#### What the task requires:
Exactly the lines below, starting with the one containing "и повышению иммунитета." and going on through the one containing "Program squat 30", must be reproduced, both ends included, and no pictures with them.

#### Given entries:
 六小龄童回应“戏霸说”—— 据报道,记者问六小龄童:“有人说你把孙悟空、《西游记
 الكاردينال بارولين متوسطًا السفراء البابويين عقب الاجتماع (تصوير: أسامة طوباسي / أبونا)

...

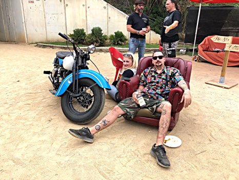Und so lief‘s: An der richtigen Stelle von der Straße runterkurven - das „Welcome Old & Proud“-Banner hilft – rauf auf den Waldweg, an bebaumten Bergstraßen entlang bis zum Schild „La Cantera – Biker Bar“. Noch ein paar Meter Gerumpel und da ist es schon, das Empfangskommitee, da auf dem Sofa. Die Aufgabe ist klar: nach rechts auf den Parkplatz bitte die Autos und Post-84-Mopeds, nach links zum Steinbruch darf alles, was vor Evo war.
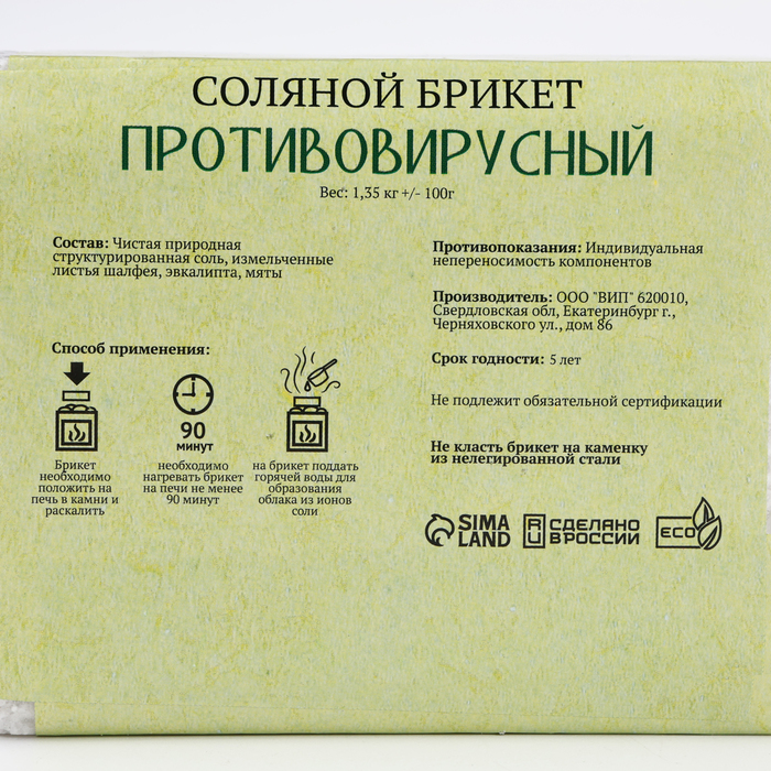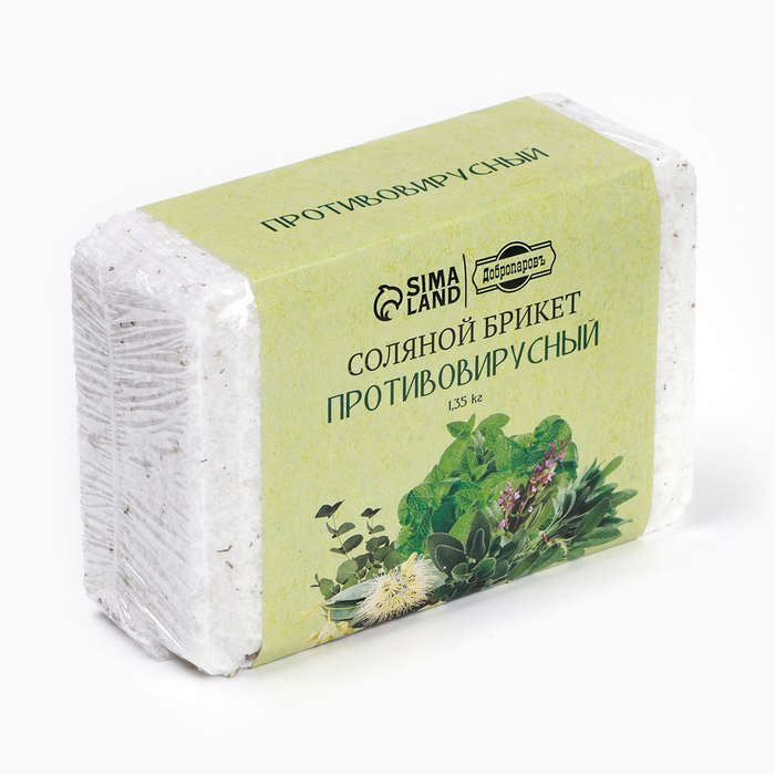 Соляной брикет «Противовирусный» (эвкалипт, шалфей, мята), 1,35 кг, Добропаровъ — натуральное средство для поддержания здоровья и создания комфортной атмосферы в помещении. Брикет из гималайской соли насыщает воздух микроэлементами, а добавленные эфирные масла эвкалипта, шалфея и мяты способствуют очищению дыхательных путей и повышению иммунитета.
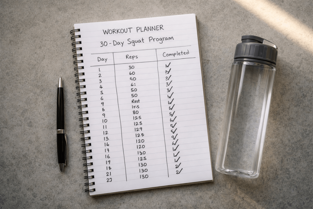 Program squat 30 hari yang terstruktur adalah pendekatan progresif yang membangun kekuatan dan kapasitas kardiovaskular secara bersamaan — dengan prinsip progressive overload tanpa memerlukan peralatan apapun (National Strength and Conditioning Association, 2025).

#### Exercise response:
 Соляной брикет «Противовирусный» (эвкалипт, шалфей, мята), 1,35 кг, Добропаровъ — натуральное средство для поддержания здоровья и создания комфортной атмосферы в помещении. Брикет из гималайской соли насыщает воздух микроэлементами, а добавленные эфирные масла эвкалипта, шалфея и мяты способствуют очищению дыхательных путей и повышению иммунитета.
 Program squat 30 hari yang terstruktur adalah pendekatan progresif yang membangun kekuatan dan kapasitas kardiovaskular secara bersamaan — dengan prinsip progressive overload tanpa memerlukan peralatan apapun (National Strength and Conditioning Association, 2025).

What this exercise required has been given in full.